Aim of the task
Pictures are to be left out, and only the lines below starting at the one with "The simple yet" and ending at the one with "同时展示了三个房子,每个都很" are to be reproduced, each exactly, both ends included.

Records to process
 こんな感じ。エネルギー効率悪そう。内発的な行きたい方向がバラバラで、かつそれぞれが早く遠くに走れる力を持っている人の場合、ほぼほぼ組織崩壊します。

---

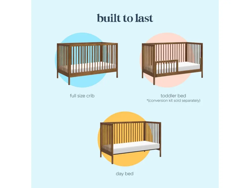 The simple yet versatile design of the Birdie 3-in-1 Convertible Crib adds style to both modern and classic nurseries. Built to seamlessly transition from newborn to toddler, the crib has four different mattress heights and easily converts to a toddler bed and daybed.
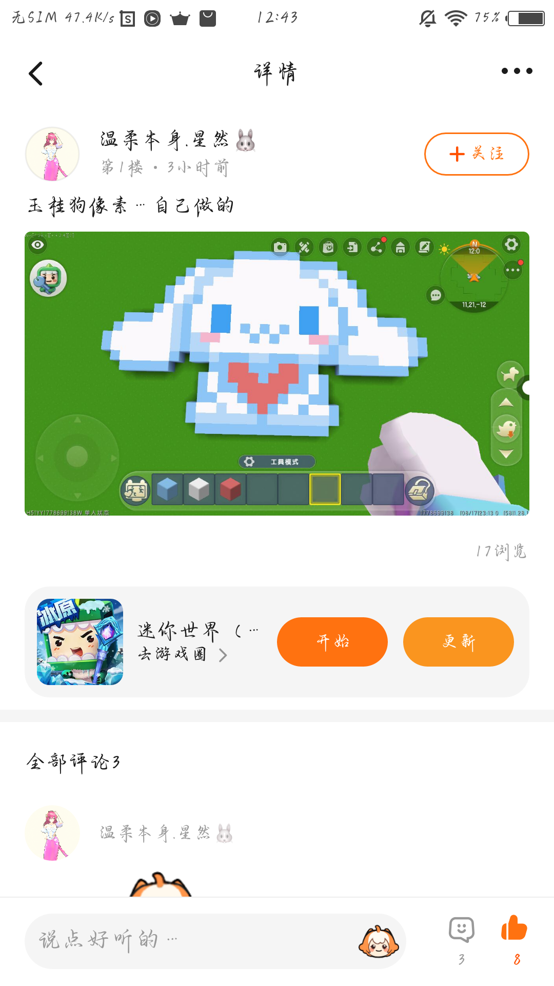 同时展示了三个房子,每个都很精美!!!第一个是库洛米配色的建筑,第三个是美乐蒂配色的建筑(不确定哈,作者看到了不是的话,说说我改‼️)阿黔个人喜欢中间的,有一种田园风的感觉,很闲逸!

---

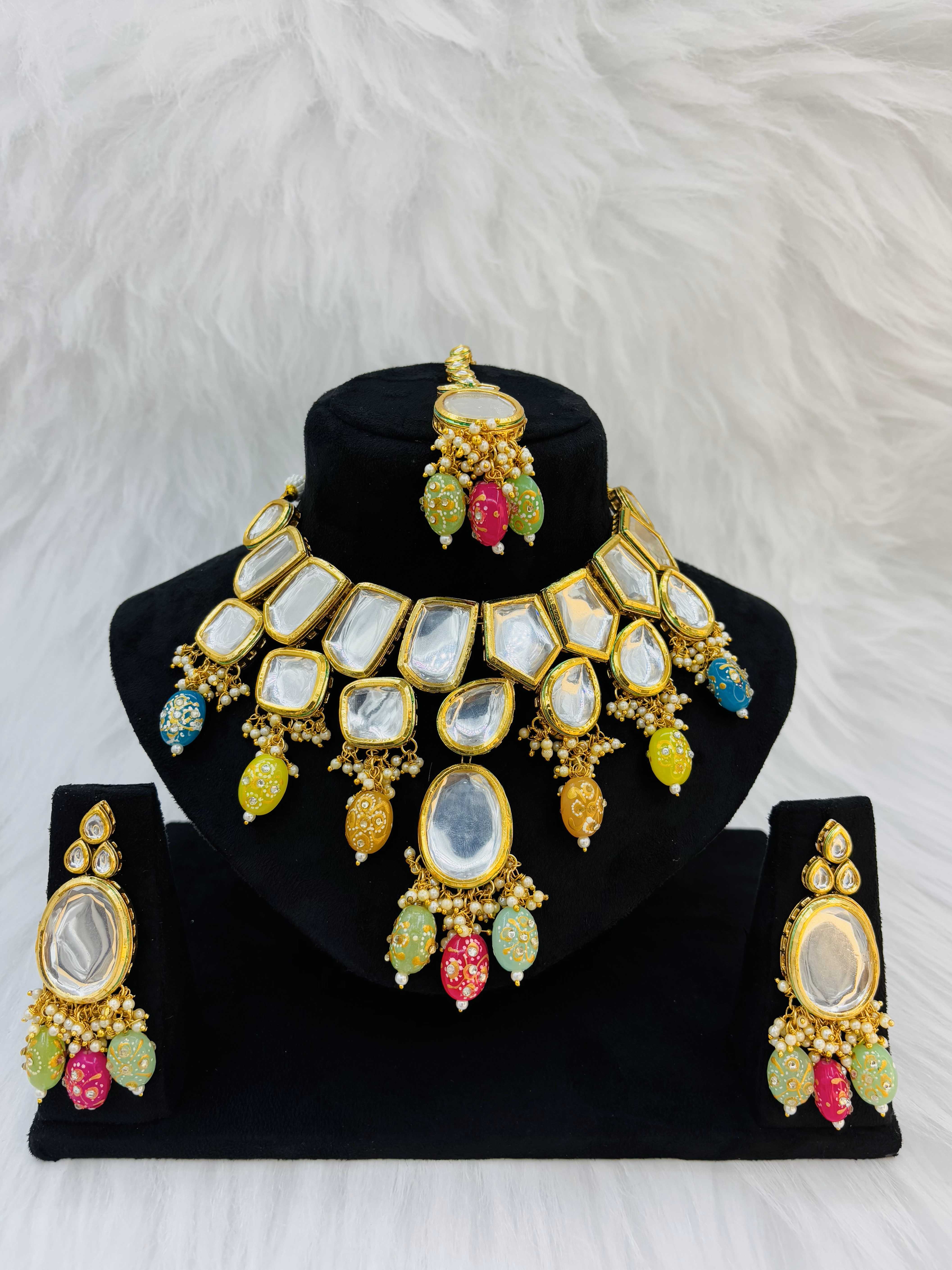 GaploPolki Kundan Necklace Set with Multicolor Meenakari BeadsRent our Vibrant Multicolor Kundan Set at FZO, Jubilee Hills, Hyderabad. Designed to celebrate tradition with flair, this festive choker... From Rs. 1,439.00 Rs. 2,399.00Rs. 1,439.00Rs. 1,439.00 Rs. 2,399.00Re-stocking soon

Result of this exercise
 The simple yet versatile design of the Birdie 3-in-1 Convertible Crib adds style to both modern and classic nurseries. Built to seamlessly transition from newborn to toddler, the crib has four different mattress heights and easily converts to a toddler bed and daybed.
 同时展示了三个房子,每个都很精美!!!第一个是库洛米配色的建筑,第三个是美乐蒂配色的建筑(不确定哈,作者看到了不是的话,说说我改‼️)阿黔个人喜欢中间的,有一种田园风的感觉,很闲逸!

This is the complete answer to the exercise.